Saturday, April 21, 2012


Cave of Forgotten Dreams
September 13, 2010 (Toronto International Film Festival)
April 29, 2011 (United States)

Written and Directed by Werner Herzog

"Cave of Forgotten Dreams" is a treasure and will be one of the most remarkable films you will ever behold (if you see it as it was meant to be seen). As always, Herzog brings his Werner to this doc, which means an avant-garde and thought-provoking dissection of a slice of our world and the thoughts beyond it.

For this outing Werner Herzog was given unprecedented access to shoot within the Chauvet Caves in southern France, a remarkable find of recent times that houses the oldest cave paintings known to man, dating over 30,000 years ago. In only 1994 they were discovered and have been studied and protected ever since. The public is not allowed in and so this documentary is as good a look inside as we've acquired or possibly ever will be. It is not just a "good look" however. While any video in that mountainside would have been a rare documentation, Herzog uses state-of-the-art technology and gizmos to capture the ins and outs of the Chauvet Caves, namely 3D.

When I first read on the interwebs that Herzog's next film was adding a dimension a pig might as well have flown by my window. The very thought that this foreign, art house filmmaker would use (let alone endorse) the technique that proved successful with "Avatar" and has since been prostituted and cheaply exploited across the board, defies likelihood and justice. Yet, he did just that. The result? Astonishing. Thinking back, I should not have put anything past this rogue legend. If ever there was a film that deserves 3D, this is that film, and thank the forces that be that it is. These are natural caves with flowing surfaces, forever-dripping stalactites, and other alien formations and remains. The cave paintings themselves are an incredible sight on these far-from-flat canvases.

The film is titled so because the caves house a rich history. In one fascinating scene a scientist shows us the history of one of the walls. They were first painted upon, many years later a cave bear scratched over it, many more years passed and another artist used it. One early painter bore a unique handprint and they were able to track down his work multiple times throughout the tubes. In a drawing of a rhinoceros-like creature we see the outline done multiple times as if creating the illusion of movement. Could this be the seeds of animation? We find the female body formed in an out of reach place. Herzog deducts that it was long before "Baywatch" that such figures have allured us. In his typical voice-over fashion Herzog meditates on what this all means for art history and for the primitive stirrings of the human soul. 
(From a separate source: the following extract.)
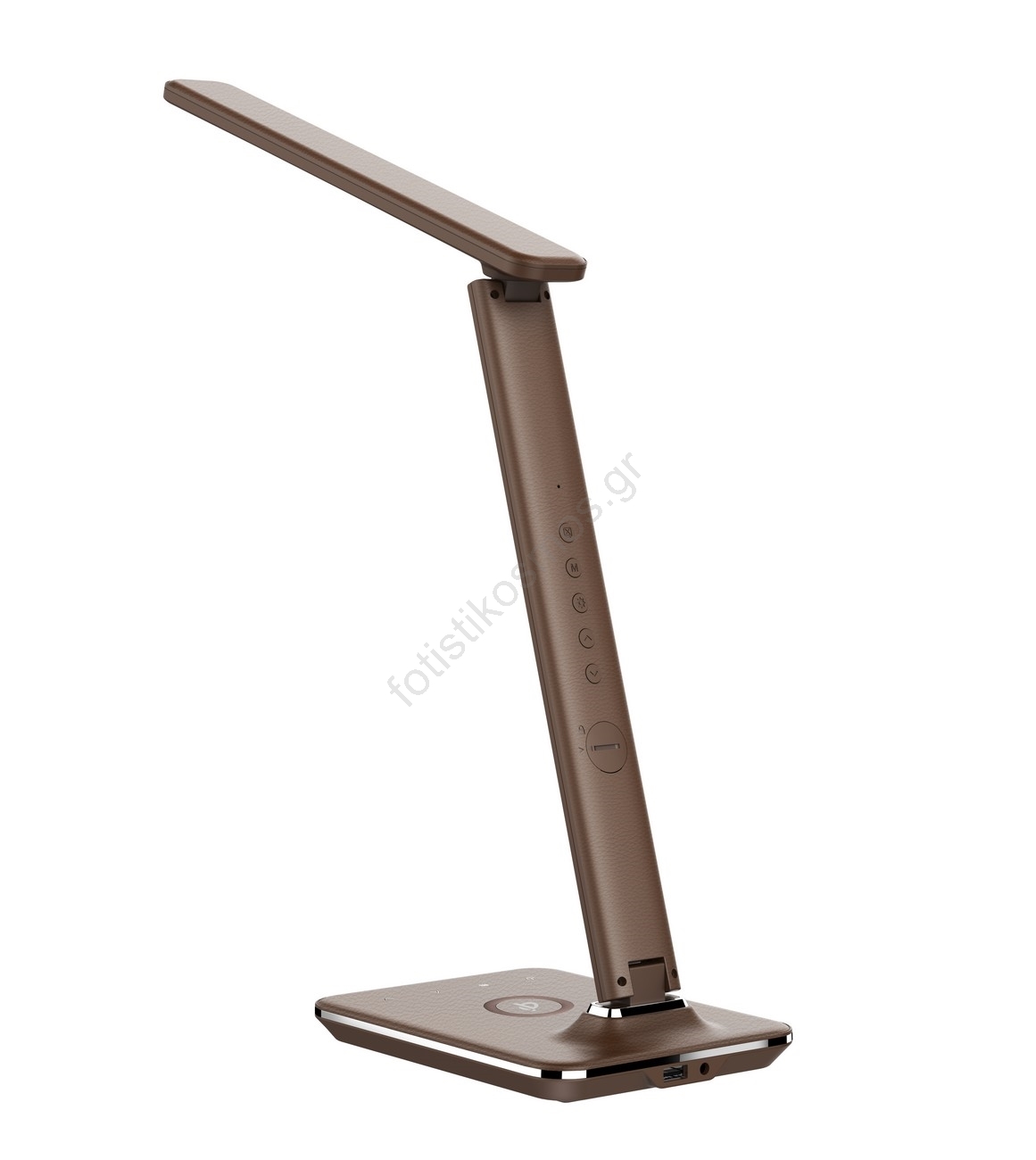 • Επιτραπέζιο φωτιστικό LED ντιμαριζόμενο με ασύρματη φόρτιση QI και USB KINGFISHER LED/8,5W/230V καφέ

Herzog's perspective is unique enough, but when he brings us to places equally special the combination is bombastic. He has a knack for finding (and possibly directing) some of the more peculiar persons you'll ever meet in the movies. On one excursion he consults a master perfumer's nose to analyze the Chauvet Caves. You'll never guess where he ends up taking us in the documentary's post script and I still do not believe I could tell you why.

Werner Herzog Filmproduktion teamed up with musician Ernst Reijseger yet again for the film's soulful score. Of Reijseger Herzog has said, "He is a magnificent cellist, and he can do anything, anything on his cello. He could play the Civil War, the American Civil War on his cello." The minimalist score is combined with voice to a solemn effusion. In our initial descent into the caves a beating heart overtakes the soundtrack, not unlike the breathing in "2001: A Space Odyssey" we are sedated by our involuntary inner-workings as we explore another world.

Seeing this film in 3D is not an easy task to accomplish anymore. I was only able to do so last summer at the Arclight in Hollywood with my father. (He enjoyed the film. I heard him chuckle at right moments during the showing and afterwords he appropriately thought of the documentary as both "amazing" and "really weird." I was especially pleased that he was marveled by the 3D. Like me, he felt it was the best his corneas had ever been exposed to and we saw "Avatar" together.) With 3D growing as a home entertainment option I have hope that we will be able to see the "Cave of Forgotten Dreams" in all its glory again.